Chapter III describes the directed evolution of RebH. The improvement of the thermostability of RebH by directed evolution will be briefly summarized, which provided the first step of the expansion of the substrate scope of RebH toward large, bioactive molecules. The directed evolution of RebH to expand its substrate scope, as well as preparative-scale bioconversions of a range of important bioactive substrates and kinetic analysis of the evolution lineage, will then be described. The engineered RebH variants developed in this process have proven to be broadly useful for a diverse range of substrates, and the screening of a library of compounds will be described to illustrate this point. Lastly, halogenation provides for a useful synthetic handle for further functionalization, and the development of a facile procedure for subsequent cross-coupling of crude products from bioconversions will be briefly discussed.

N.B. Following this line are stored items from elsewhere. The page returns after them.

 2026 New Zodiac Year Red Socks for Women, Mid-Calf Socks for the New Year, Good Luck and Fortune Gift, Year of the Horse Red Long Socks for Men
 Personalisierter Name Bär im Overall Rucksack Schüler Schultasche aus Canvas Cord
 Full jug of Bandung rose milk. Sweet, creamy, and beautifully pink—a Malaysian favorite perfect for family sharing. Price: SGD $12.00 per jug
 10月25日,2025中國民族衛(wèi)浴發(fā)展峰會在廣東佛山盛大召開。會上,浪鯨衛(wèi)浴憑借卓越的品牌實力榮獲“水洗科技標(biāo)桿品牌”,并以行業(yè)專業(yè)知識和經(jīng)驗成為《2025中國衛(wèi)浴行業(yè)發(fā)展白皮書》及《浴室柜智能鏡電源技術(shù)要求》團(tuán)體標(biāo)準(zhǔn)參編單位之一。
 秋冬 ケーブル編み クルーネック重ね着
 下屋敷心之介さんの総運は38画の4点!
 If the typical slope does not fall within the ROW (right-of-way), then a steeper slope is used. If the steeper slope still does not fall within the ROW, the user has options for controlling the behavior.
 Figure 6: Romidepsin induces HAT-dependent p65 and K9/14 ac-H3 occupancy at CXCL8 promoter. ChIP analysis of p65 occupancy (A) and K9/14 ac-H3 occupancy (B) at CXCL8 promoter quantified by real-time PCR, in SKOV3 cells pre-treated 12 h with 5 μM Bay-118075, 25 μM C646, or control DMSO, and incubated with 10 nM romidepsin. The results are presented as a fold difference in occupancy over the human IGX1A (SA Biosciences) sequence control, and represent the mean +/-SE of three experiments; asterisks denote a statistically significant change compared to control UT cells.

Chapter IV describes the use of RebH variants to perform enantioselective halogenations via desymmetrization on a range of symmetric substrates. Symmetric, prochiral dianiline substrates were synthesized, halogenated using the engineered RebH variants, the development of which was described in Chapter III, and the monochlorinated products found to be enantioenriched. It was then demonstrated that protein engineering can be used to alter the yield and enantioselectivity of these bioconversions. The work described in this last chapter marks the first reported application of this class of enzymes in enantioselective catalysis.